*Your objective*.
Your answer must be an exact retyping of the line containing "Bardzo klasyczny sernik" and every line after it through the end of the records below, with no pictures and nothing else.

Source data:
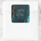 Adesivo Quadrado Casamento de Script Agate Dourado Azul Teal
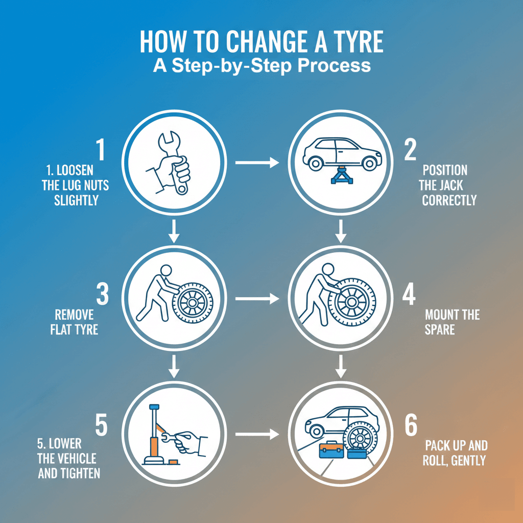Check your manual for the exact jack point near the flat tyre. After that, place the jack squarely and raise the vehicle until the tyre is clear of the ground. No need to rush; stay calm and lift slowly.
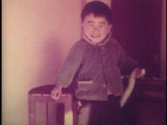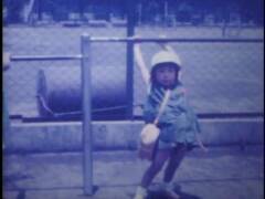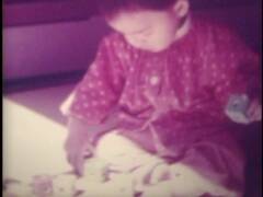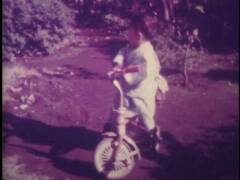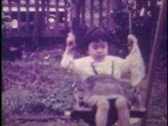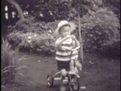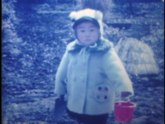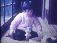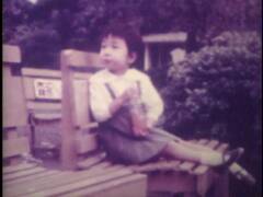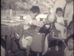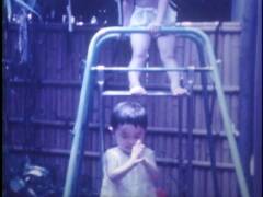 子どもの成長記録。撮影者は35歳(昭和4年生まれ)。提供者曰く、「この家はもうない、柿の木が1本残っているだけ。私が中学生になる頃、井戸水から水道に変わった。すごく抵抗があった。近所の家にはだいたい井戸があった。井戸端に洗濯機があった(ローラー2個)、脱水機は手動」。
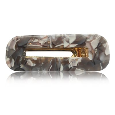 Misty square – stone grey. Gråt firkantet hårspænde i et enkelt design med mønster, som fungerer perfekt til simple håropsætninger og som pynt.\nSpændet giver opsætningen et moderne og feminint udtryk i håret. Hårspændet lukkes med en klemme for at sikre, at det sidder, som det skal.\n\n- Grå og guld\n- Højglanspoleret cellulose acetate og metal\n- Længde: 6,5 cm og bredde: 2,2 cm
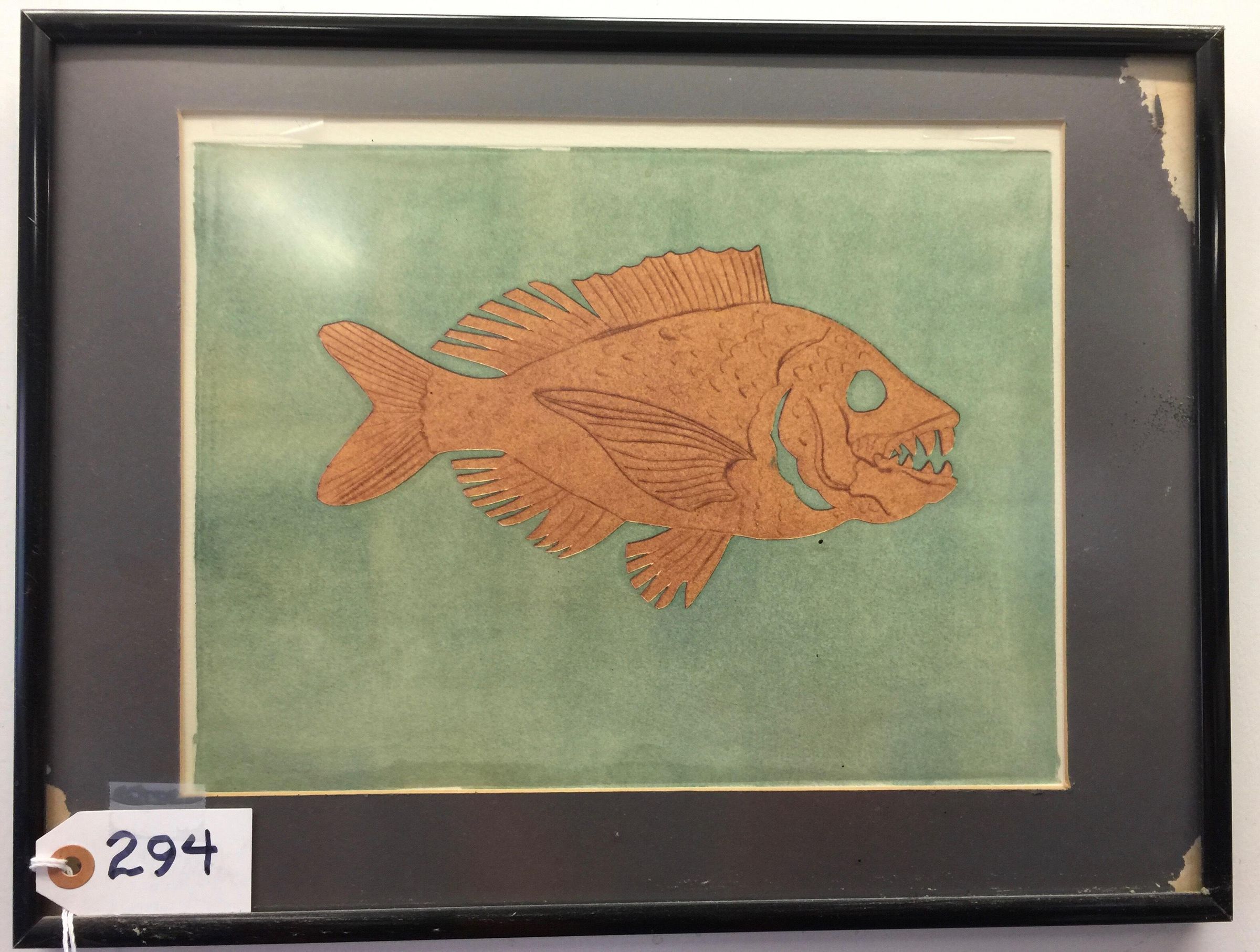 Print of side view of orange rockfish facing to right, on green background. In black metal frame with glass, dark gray mat.Made/Created
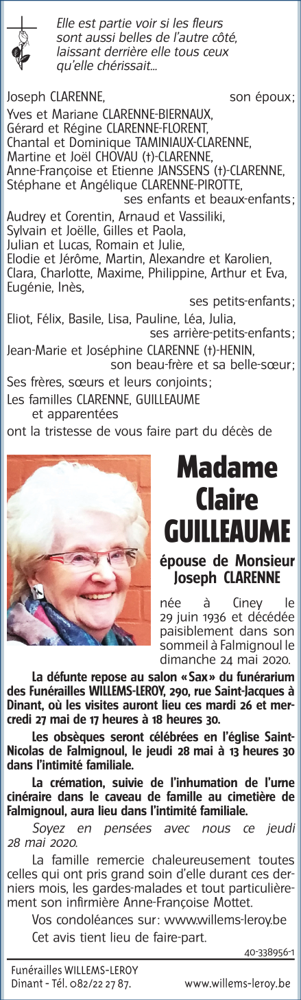 Décédée à Falmignoul (5500) le dimanche 24 mai 2020 à l'âge de 83 ans
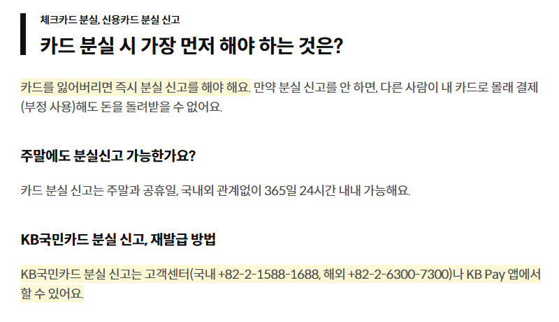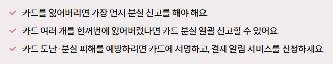 | 국내에서 카드 분실 | 즉시 신고 | 1588-1788, 1588-1688 |
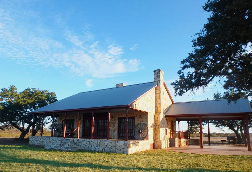 This 190.27 acre ranch is located in NW Llano County, just south of Smoothing Iron Mountain. This ranch has good access with over a quarter of a mile of county road frontage on Co. Rd. 405, while there are no easements through the ranch. The terrain is gently rolling with two tributaries of San Fernando Creek. There is an excellent balance of live oak and post oak trees, along with some mesquite trees and a limited amount of brush. There is a 20 acre field area that could easily be converted to improved grasses or food plots for wildlife. The ranch is cross fenced into two main pastures and three smaller traps. There is a nice set of working pens. The main house is located on the highest point on the ranch. There are two large covered porches, front and back, that take advantage of the great views. The limestone home is a modern 3/2, Texas style country home with a large attache...
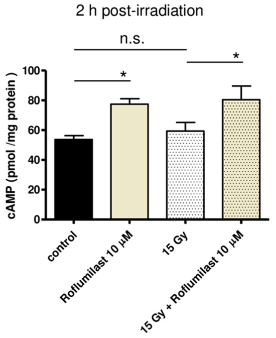 Effect of Roflumilast on cAMP concentration in control (non-irradiated) and high-dose (15 Gy)-irradiated HPMECs. Cell lysis was performed 2 h after irradiation. Global cAMP concentration was measured in cell lysates prepared from control and irradiated HPMECs treated or not with Roflumilast (10 µM) after irradiation. Data on graph represent the average of data from three experiments (* p < 0.05, n.s.: not significant).
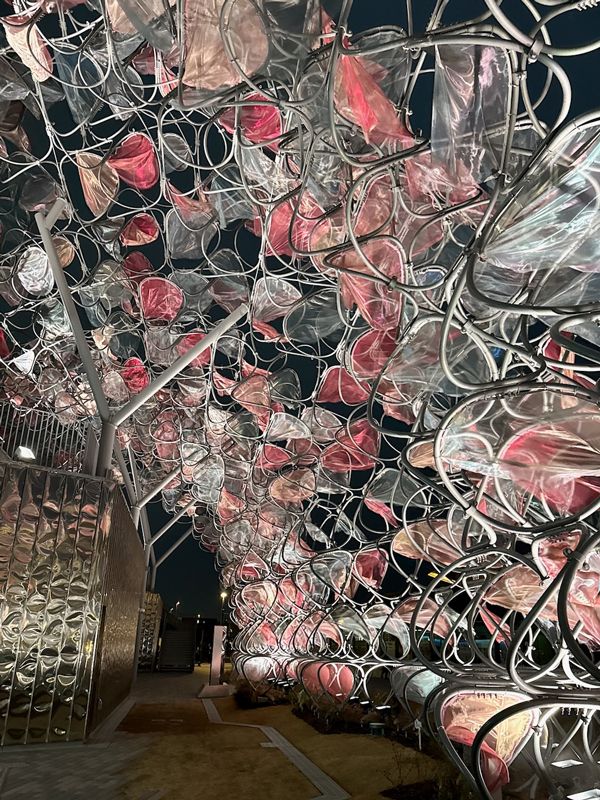 コンペのプレゼン用に描いた最初のスケッチは、実際のパビリオンのデザインに限りなく近い。ただ、イメージに近づけるには技術的な壁をクリアしなければならず、チャレンジングな取り組みとなった。例えば、アーチ状のファサードを構成する一つひとつのバタフライモチーフは循環を表している。スチールパイプを3次元的に曲げたもので、加工には特殊な3Dフォーミング機械を使用。6種類の形状のパイプ1404個を組み合わせて独特のフォルムを作り上げた。
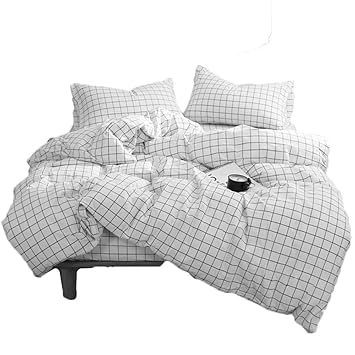 Boqingzhu 3 Tlg Bettwasche 200 X 200cm Kariert Schwarz Weiss
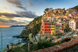 Scenic view of the village of Riomaggiore in Cinque Terre in Italy against dramatic sky at sunset
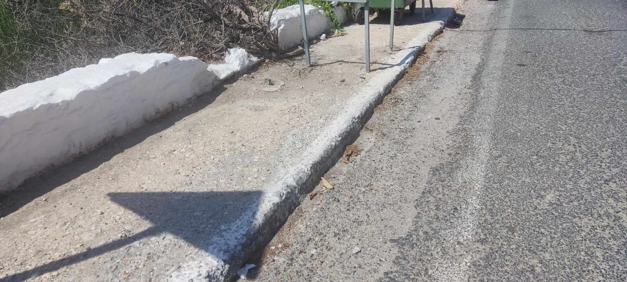 Συγκεκριμένα, σε ένα μεγάλο τμήμα στο περιθώριο του δρόμου, – το οποίο συστηματικά καταλαμβάνεται από οχήματα -, δεν υπάρχει κανένα διακριτό τμήμα πεζοδρομίου, με αποτέλεσμα, τη θερινή, κυρίως, περίοδο να περπατούν μόνιμοι κάτοικοι, αλλά και επισκέπτες, στο οδόστρωμα.
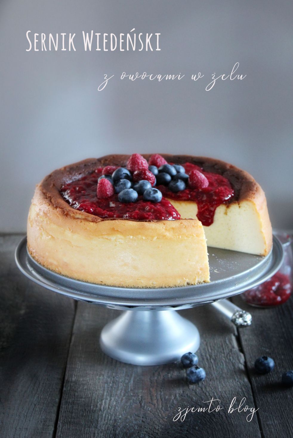 Bardzo klasyczny sernik w zimowej odsłonie, z dodatkiem żelu z mrożonych owoców.
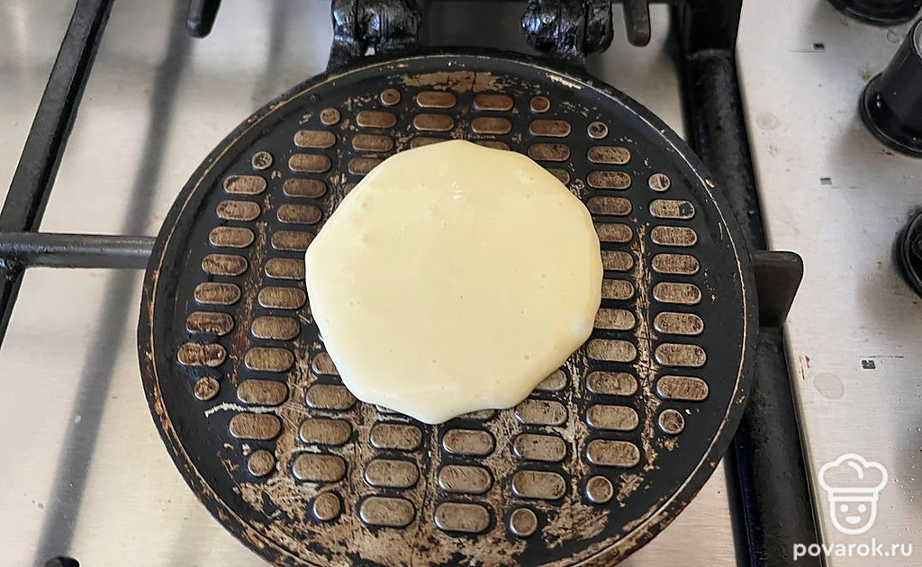 Разогрейте вафельницу на среднем огне (с обеих сторон).
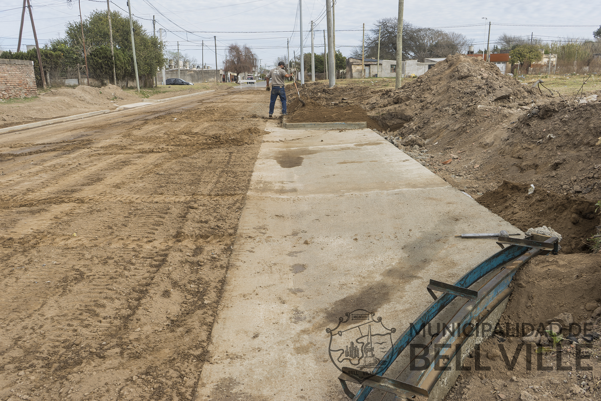 En el tramo de calle Brasil, entre Las Heras y Urquiza se continúa con la obra de cordón cuneta, presentando un avance de trabajo del 70%.
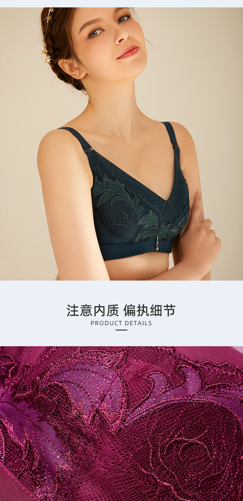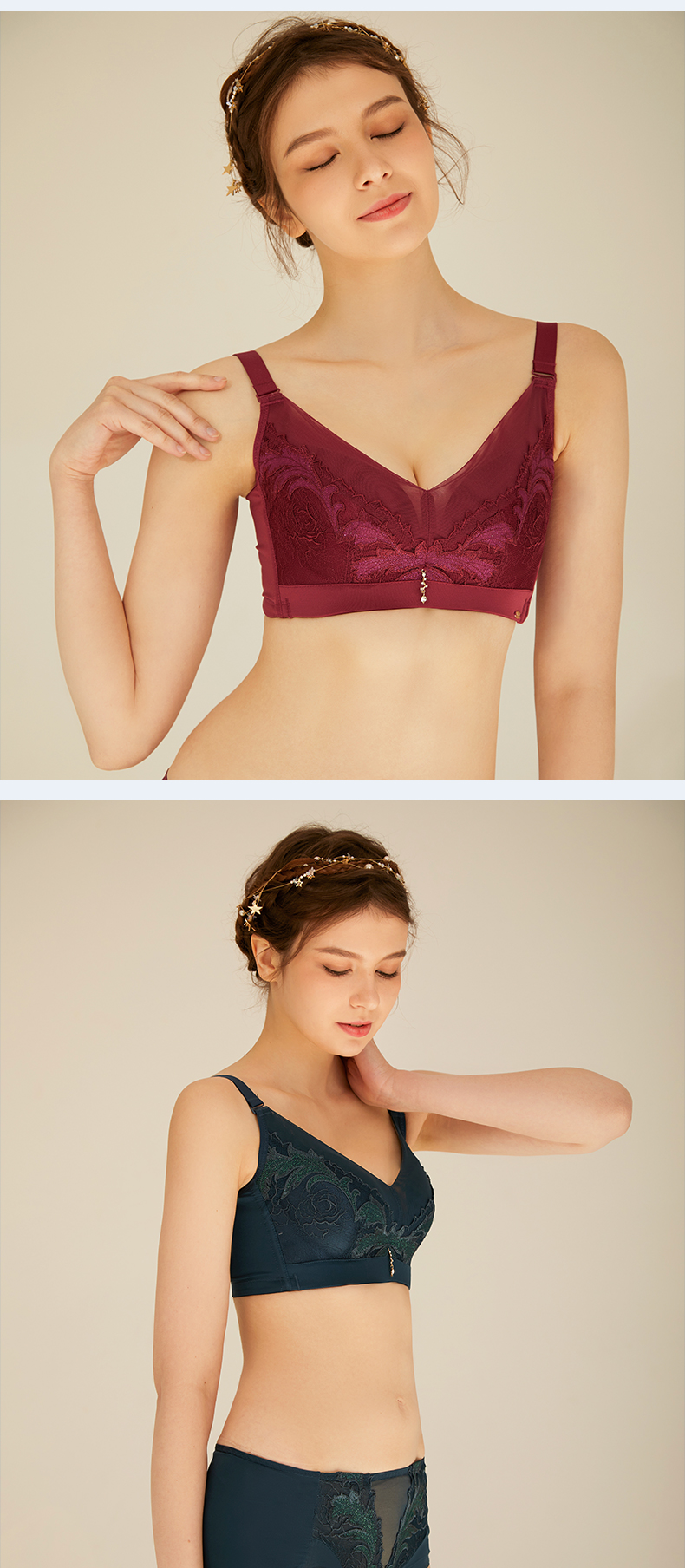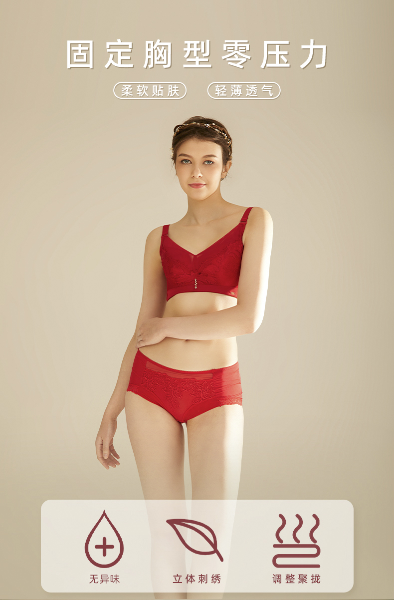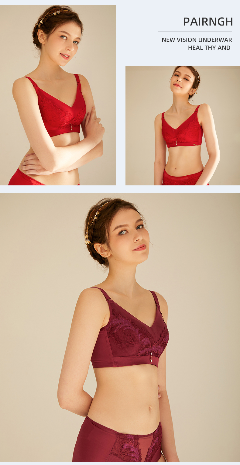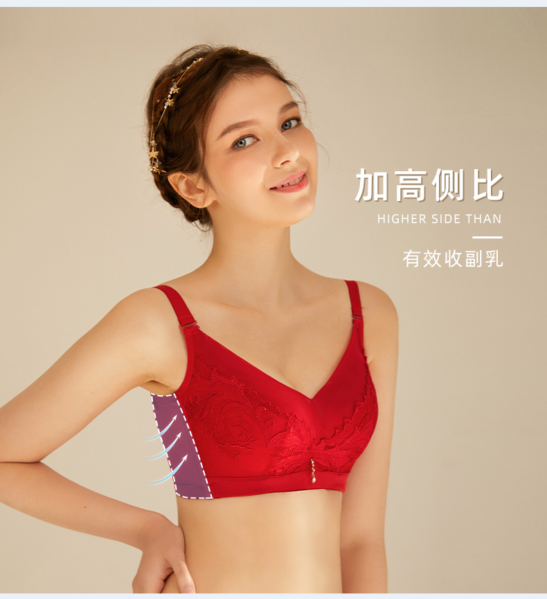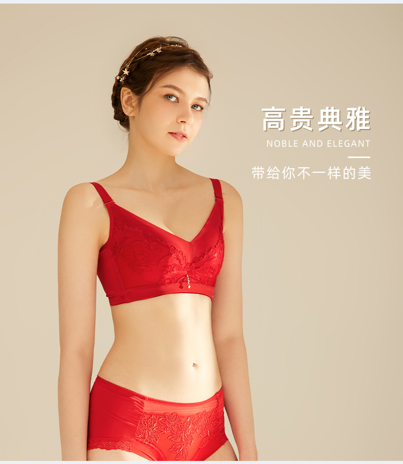 皇家丽美文胸调整型无钢圈中杯美背四排扣内衣精美刺绣羽毛WW918-2

*Result of the exercise*.
 Bardzo klasyczny sernik w zimowej odsłonie, z dodatkiem żelu z mrożonych owoców.
 Разогрейте вафельницу на среднем огне (с обеих сторон).
 En el tramo de calle Brasil, entre Las Heras y Urquiza se continúa con la obra de cordón cuneta, presentando un avance de trabajo del 70%.
 皇家丽美文胸调整型无钢圈中杯美背四排扣内衣精美刺绣羽毛WW918-2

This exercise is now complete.